ABOARD THE 'FRANK DREW' - As commanding officer Dave Merrill piloted the 900-ton, black-hulled U.S. Coast Guard cutter up the Chesapeake Bay yesterday, he contemplated a world that resembled the South Pole: a wide expanse of glittering white, with its only boundary the pale blue horizon.

There's ice as far as you can see," said Merrill, whose rank is chief warrant officer. "It's hard to tell if we're in Baltimore or Antarctica."

Merrill's cutter and others like it are working overtime this winter.

A prolonged freeze coupled with snow, sleet and freezing rain have coated the lower bay with 2 to 12 inches of ice, and as much as 20 inches near the mouth of the Elk River to the north.

Commercial traffic in the bay has continued, but not without the aid of cutters such as the 'Frank Drew', based in Portsmouth, Va., and the 'James Rankin', a similar craft based in Baltimore.

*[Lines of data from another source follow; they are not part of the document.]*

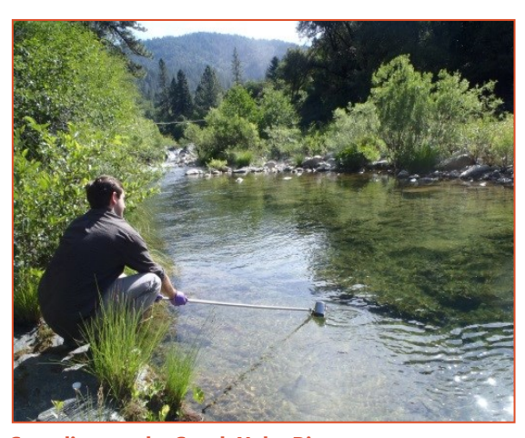
Sampling on the South Yuba River.

Since 2007, the Central Valley Water Board has monitored fecal indicator bacteria (FIB) at swimming holes and recreational rivers during the summer months. The goal of the project is to determine if there is evidence that recreational beneficial uses are not being met and, if so, identify potential sources of fecal pollution. The Central Valley Water Board has coordinated with local watershed groups to identify popular swimming areas and to conduct the sampling. Over the last seven years, SWAMP staff and their partners have monitored 172 sites and collected nearly 3,000 samples.
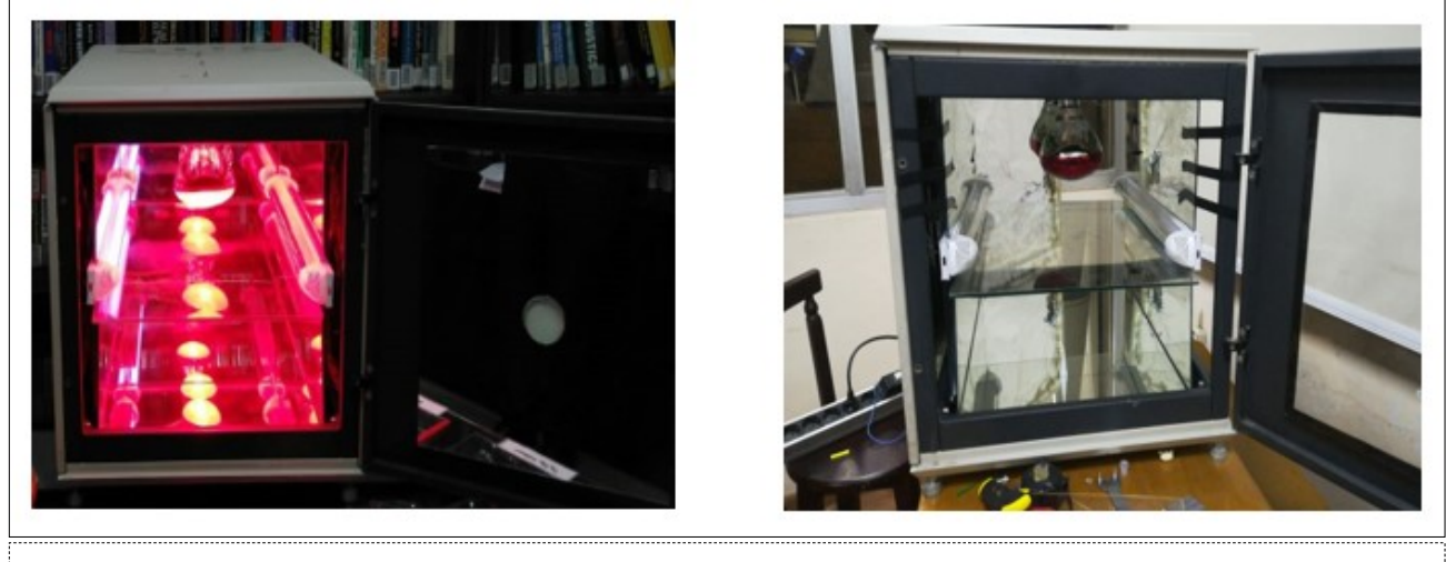
Figure 2. The implemented sterilization oven
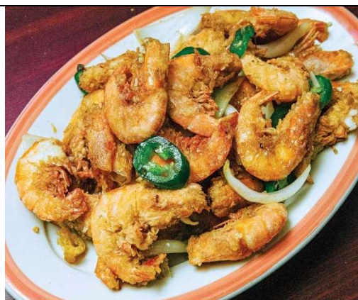
Peppercorn shrimp with shallots
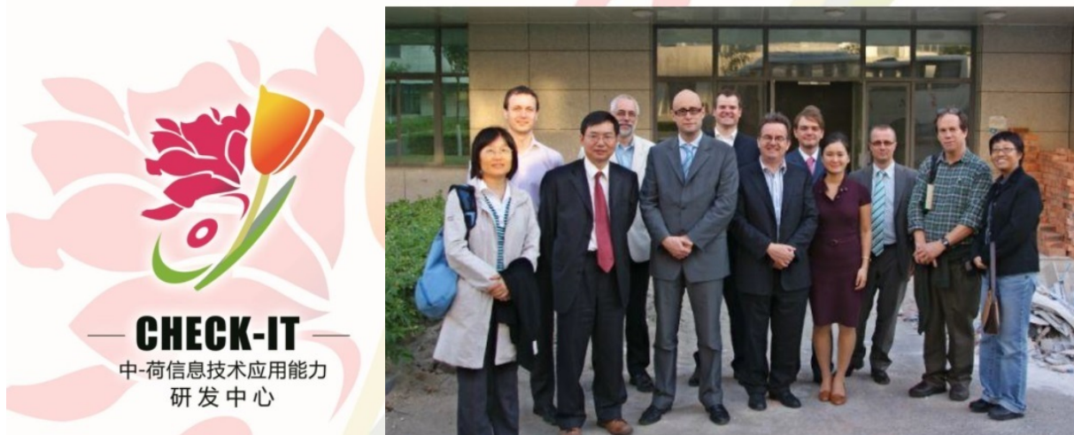
Figure 1. Start of CHECK-IT project in 2007 in the Software Park in Xiamen.

CHECK-IT is a consortium consisting of Software School of Xiamen University and partner Universities (2007-2013), Leiden University of Applied Science, The Hague University of Applied Science, Zuyd University of Applied Science, HAN University of Applied Science, Leiden University, and Laurea University of Applied Science. Two institutions of the partner universities (ICLON and the Institute of Education, Xiamen University) offer educational and cross-cultural advisers.
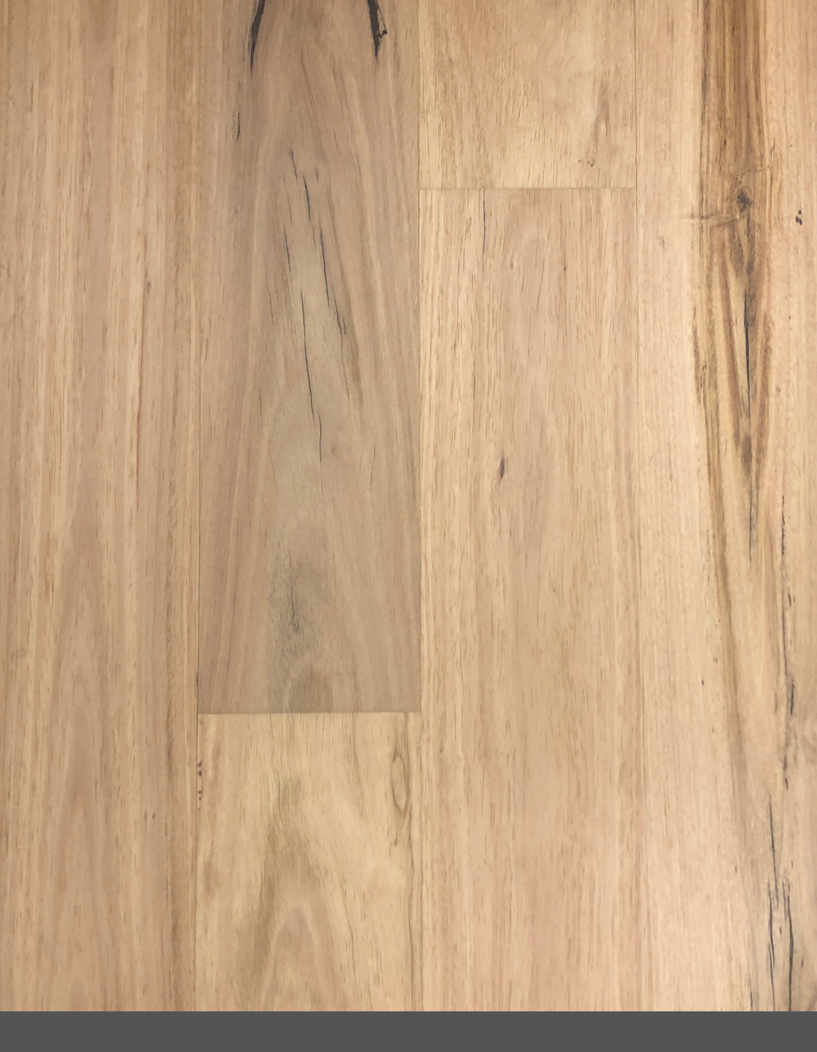
Blackbutt Brushed Matt
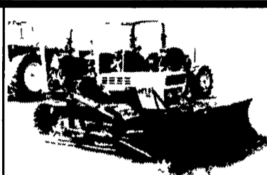
Lamborghini 653 crawler, 1875 hrs. $9,500 $8,500
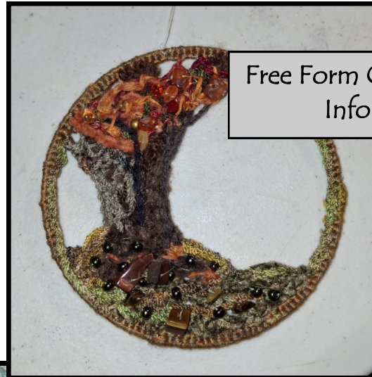
Free Form Crochet tapestry Informed by Nature
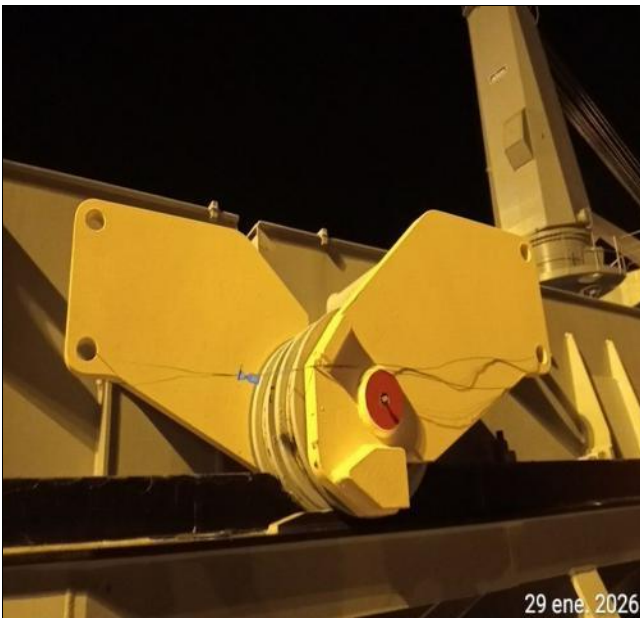
26. General view of hatch covers sealed.
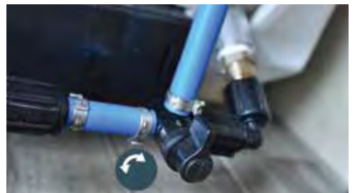
Water heater bypass & winterizing valves make draining the system for winter storage a breeze.
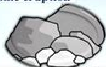
Weathering of rocks
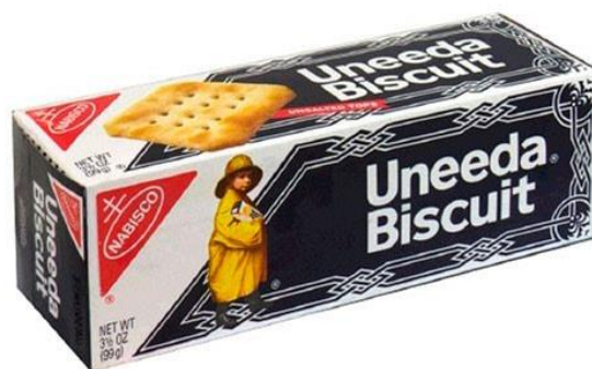
Figure 2. Uneeda Biscuits packaging

Paperboard: It was used to manufacture folding cartons during the early years of the 1800s.
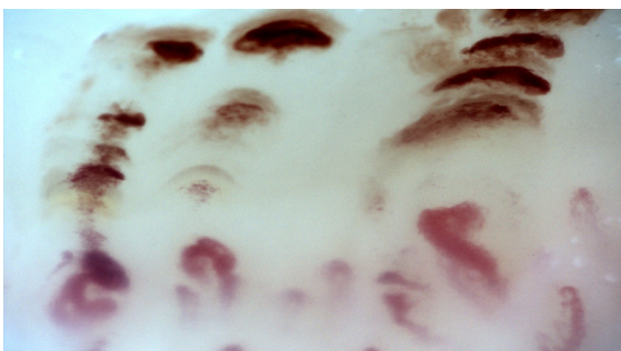
Active Scleroderma Pattern
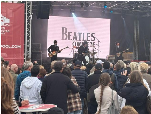
One of THE highlights of the Festival was the final concert of the Beatles Complete in front of an emotional public audience.
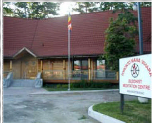
Above: entrance to the meditation centre.

Across the street, on Kingston Avenue, the cars are whizzing by. They are driving so fast, without any signs of slowing down, that I wonder if they have all read the sign in the middle of the nearby car-dealership parking lot that reads "Dodge." Dodge: "to avoid, by movina suddenlv." But what are they all
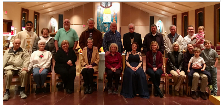
Pictured are parish couples who attended the Marriage Anniversary Celebration that was held here on November 26th.
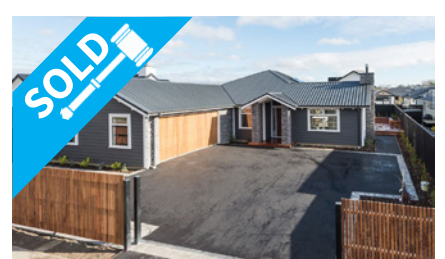
219 Highsted Road, CASEBROOK $920,000
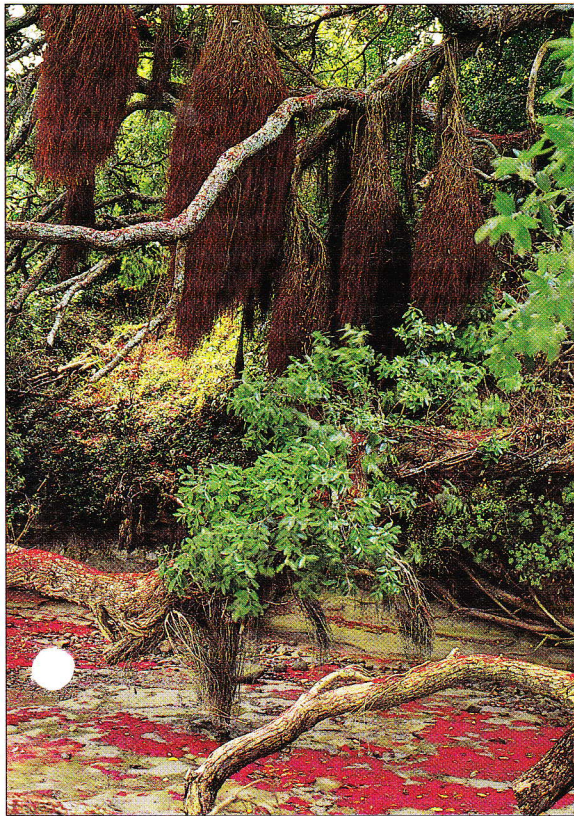
ABOVE: Mature pohutukawas often develop curious aerial roots.

where their survival is threatened. Possums are causing great damage, particularly to trees which are already under stress from other causes. Many pohutukawas are now growing without the plants they once associated with. Where previously the bush grew around and behind them, livestock now graze, trampling their roots and depriving them of their natural litter.
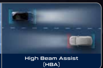
High Beam Assist (HBA)

BYD ADAS (Advanced Driver Assistance Systems) is a sophisticated suite of safety technologies utilizing advanced sensors and intelligent algorithms to enhance driver awareness and mitigate risks on the road.
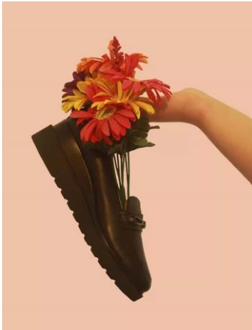
Yanell Velazquez, "Floral Footwear", 1 st Place, Alternative Process
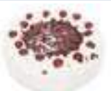
Coppenrath Black Forest Gateau 16Ptn Code:84043 Was €8.50 NOW €7.50
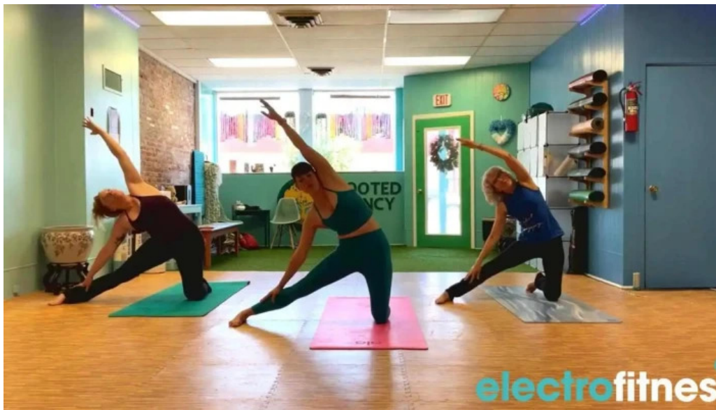
Rooted yoga quincy quincy

The cutters have escorted tugs and barges, clearing the way through shipping channels clogged with ice chunks and icy plates as long as Maryland Transit Administration buses. They also have worked to keep lanes passable so ships could navigate them on their own.

The ice has virtually shut down the Coast Guard's Curtis Bay facility, grounding search and rescue boats and making ship repairs more laborious.

Worried that the ice could get worse - more snow and ice were expected overnight - Coast Guard officials have called in backup.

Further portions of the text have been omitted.